Import the utility library
""""""""""""""""""""""""""""""""""""""""""""""

As the built-in variables are provided by *simpleaf* to its internal Jsonnet engine, they will be unavailable if we want to parse the template directly using Jsonnet or Jrsonnet. Therefore, when debugging templates that utilize the utility library with an external Jsonnet engine, we must manually provide the ``__utils`` external variable to Jsonnet and either copy and paste the library file to the same directory as the template file, which is the default library searching path when calling jsonnet, or provide the directory containing the library as an additional library searching path. Although in the following code chunk, we show the code for both ways, we only need to select one in practice. Here we assume that *simpleaf* has been configured correctly, i.e., the ``ALEVIN_FRY_HOME`` environment variable has been set and a local copy of the protocol-estuary exists. If not, one can directly obtain the library file from its GitHub repository.

.. code-block:: shell

    # If we haven't set up simpleaf, we pull the file directly from github
    wget https://github.com/COMBINE-lab/protocol-estuary/blob/main/utils/simpleaf_workflow_utils.libsonnet
    
    # Otherwise, we either copy the library file to the same dir as the template
    copy $ALEVIN_FRY_HOME/protocol-estuary/protocol-estuary-main/utils/simpleaf_workflow_utils.libsonnet .

    # or provide the directory as an additional library searching path via --jpath 
    jsonnet a_template_using_utils_lib.jsonnet --ext-code '__utils=import "simpleaf_workflow_utils.libsonnet"' --jpath "$ALEVIN_FRY_HOME/protocol-estuary/protocol-estuary-main/utils"

where ``--ext-code`` is the flag for passing an external variable, and ``--jpath`` specifies the library searching path.  

Although *simpleaf* automatically provides the utility library as the external variable ``__utils``, we must receive this external variable in our template before starting using the functions provided in this library. 

To do this, we recommend adding the following code at the beginning of your workflow template.

.. code-block:: console

    local utils=std.extVar("__utils");

utils.ref_type(o)
""""""""""""""""""""""""""""""""""""""""""""""

**Input**: 

- ``o``: an object with 
    - a *type* field and 
    - an object field with the name specified by the *type* field. Other fields will be ignored. For example, ``{type: "spliceu", spliceu: {gtf: "genes.gtf", fasta: "genome.fa", "field_being_ignored": "ignore me"}}``.

**Output**: 

- An object with the *simpleaf index* arguments that are related to the specified reference type in the input object.

This function has four modes (reference types), triggered by the ``type`` field in the input object.
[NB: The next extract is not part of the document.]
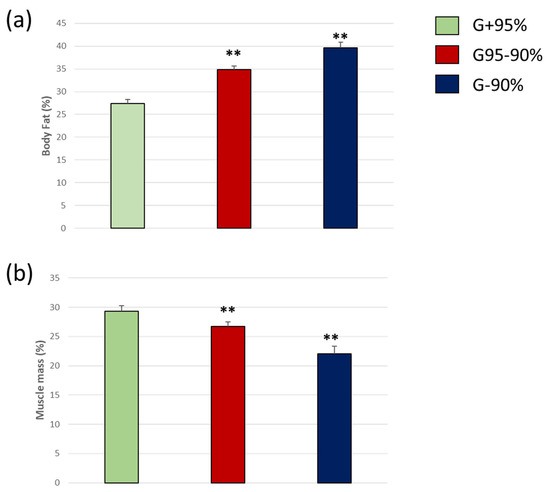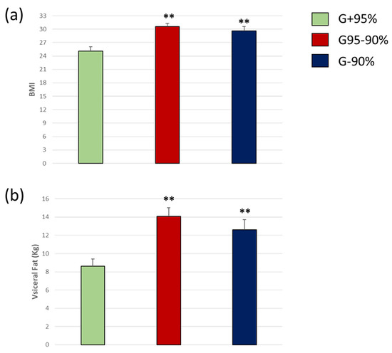 | G95 − 90% | 166.53 ± 8.21 cm | 84.35 ** ± 12.56 Kg | 30.61 ** ± 0.72 | 1570.53 ± 223.23 Kcal/day |

When specifying a mode, the input object must contain an object field named by that mode and contain the required fields. Otherwise, an error will be raised. The four modes are:

- *spliceu* (*spliced+unspliced* reference): The required fields are:
    - ``gtf``: A string representing the path to a gene annotation GTF file.
    - ``fasta``: A string representing the path to a reference genome FASTA file.
- *splici* (*spliced+intronic* reference): The required fields are:
    - ``gtf``: A string representing the path to a gene annotation GTF file.
    - ``fasta``: A string representing the path to a reference genome FASTA file.
    - ``rlen``: An *optional* field representing the read length in the dataset. If not provided, the default value, 91, will be used.
- *direct_ref*: The required fields are:
    - ``ref_seq``: A string representing the path to a *transcriptome* FASTA file.
    - ``t2g_map``: A string representing the path to a transcript-to-gene mapping file.
- *existing_index*: The required fields are:
    - ``index``: A string representing the path to an existing index directory.
    - ``t2g_map``: A string representing the path to a transcript-to-gene mapping file.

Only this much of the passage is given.